NEW YORK (GenomeWeb) – PerkinElmer announced that it has priced an offering of €500 million ($554.2 million) of 1.875 percent senior notes due 2026 at an issue price of 99.118 percent of the principal amount.
The issuance is expected to close on July 19, the company said, and the notes will pay interest on an annual basis.
PerkinElmer plans to use the proceeds to reduce the amounts outstanding under its senior unsecured revolving credit facility and for general corporate purposes.
In turn, Fitch Ratings assigned a BBB rating to the 10-year EUR senior notes offering, and deemed the rating outlook Stable. The ratings apply to $1.1 billion of debt as of March 31, the agency said, adding that PerkinElmer has generally maintained its gross debt between 2.0x and 2.5x, and that it anticipates the company's gross leverage could temporarily exceed 2.5x if it issues incremental debt to finance targeted acquisitions.
The rating agency also believes that PerkinElmer is in a position to acquire other firms. However, if such opportunities are not attractive enough, Fitch noted it's likely the company will prioritize shareholder returns over debt reduction.
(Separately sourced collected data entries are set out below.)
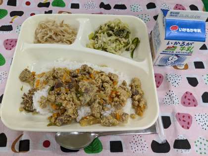 9月11日(月)のこんだては「他人丼〔個別対応献立:鶏卵〕、ささみと野菜のいためもの、もやしの甘酢あえ、牛乳」です。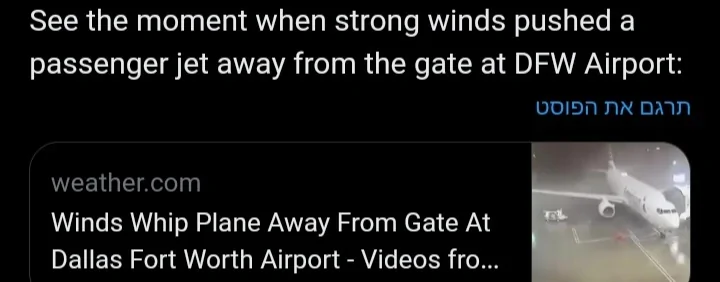 - אומנם לא טורנדו אבל הרוח העיפה מטוס משרוול העלייה למטוס חנוך א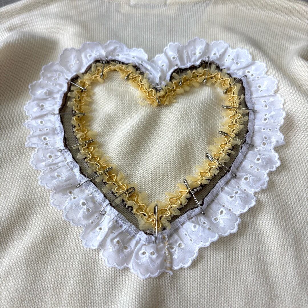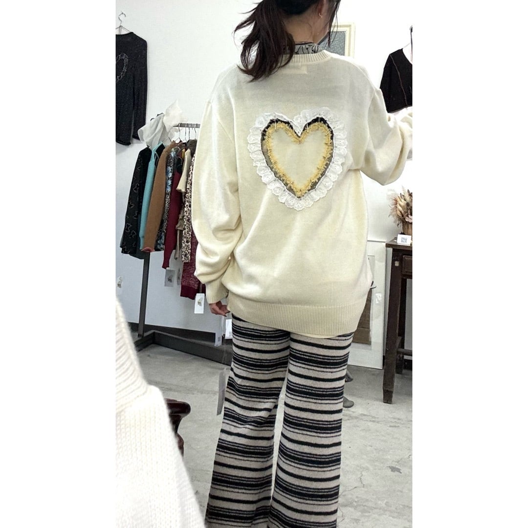 remake / Heart knit sweater リメイク レース フリル ハートニットセーター #d33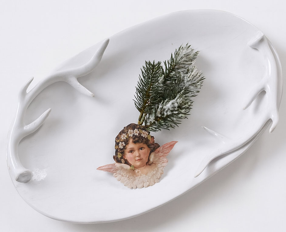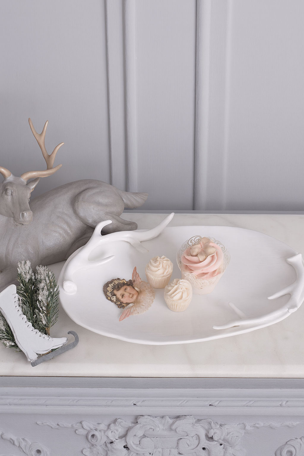 Große nostalgische Kuchenplatte aus altweißem Porzellan mit kunstvoller Geweih-Dekoration im Jagdhaus-Stil – ideal für festliche Tafeln und stilvolles Servieren. Länge ca. 38 cm / Breite ca. 22 cm / Höhe ca. 3,5 cm Lieferung erfolgt ohne Dekoration.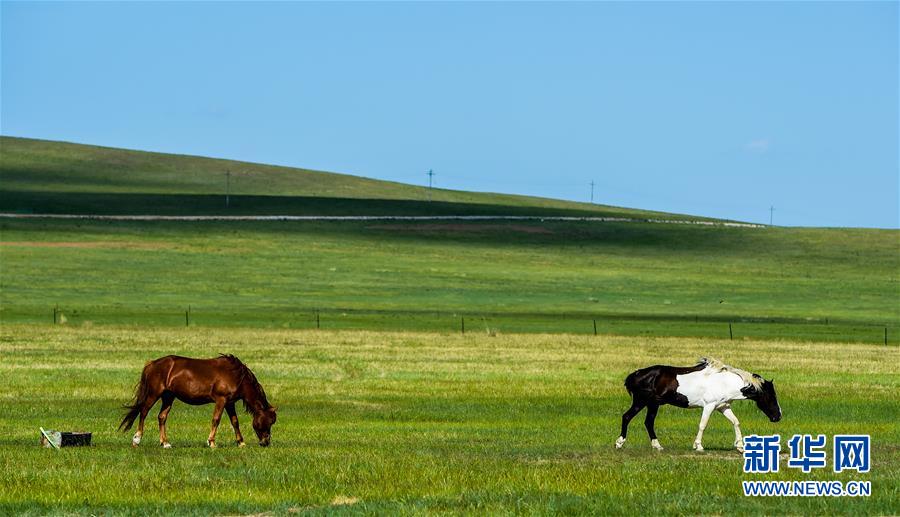 6月17日,馬兒在錫林郭勒盟烏拉蓋草原上吃草。初夏時(shí)節(jié),內(nèi)蒙古中部的錫林郭勒大草原風(fēng)景如畫(huà)。新華社記者連振攝
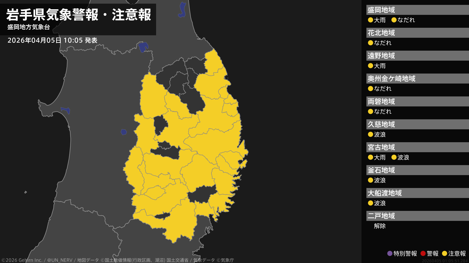 【岩手県 気象警報・注意報 2026年04月05日 10:05】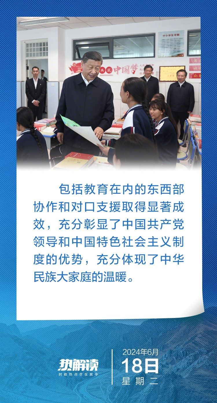 6月18日下午,在青海省考察的習(xí)近平總書記,首站來到這所中學(xué)看望老師和同學(xué)們。他先后走進(jìn)食堂、宿舍、教室,關(guān)心學(xué)生們的飲食、住宿、學(xué)習(xí)……了解當(dāng)?shù)厣钊胪七M(jìn)教育工作東西部協(xié)作和對口支援等情況。

Fitch further noted that it anticipates low- to mid-single digit organic revenue growth in 2016 for PerkinElmer, "supported by growing demand in emerging markets and the favorable impact of new products, which should more than offset industry headwinds that include constrained research spending."
The company also has sufficient liquidity, Fitch said. Its debt maturity is manageable and its capital structure is simple, currently consisting of one unsecured debt issuance and bank borrowings under a $700 million revolving credit facility maturing in January 2019.
However, Fitch could downgrade PerkinElmer's ratings if the company's US-generated cash flows decreased to a point where it would be difficult for it to internally fund annual debt servicing requirements from domestic cash generation. "Operational weakness could stem from lower-than-anticipated results due to poorer-than-expected sales performance if the company's diversified portfolio cannot withstand headwinds of capital expenditure constraints and tightened global research spending," Fitch added.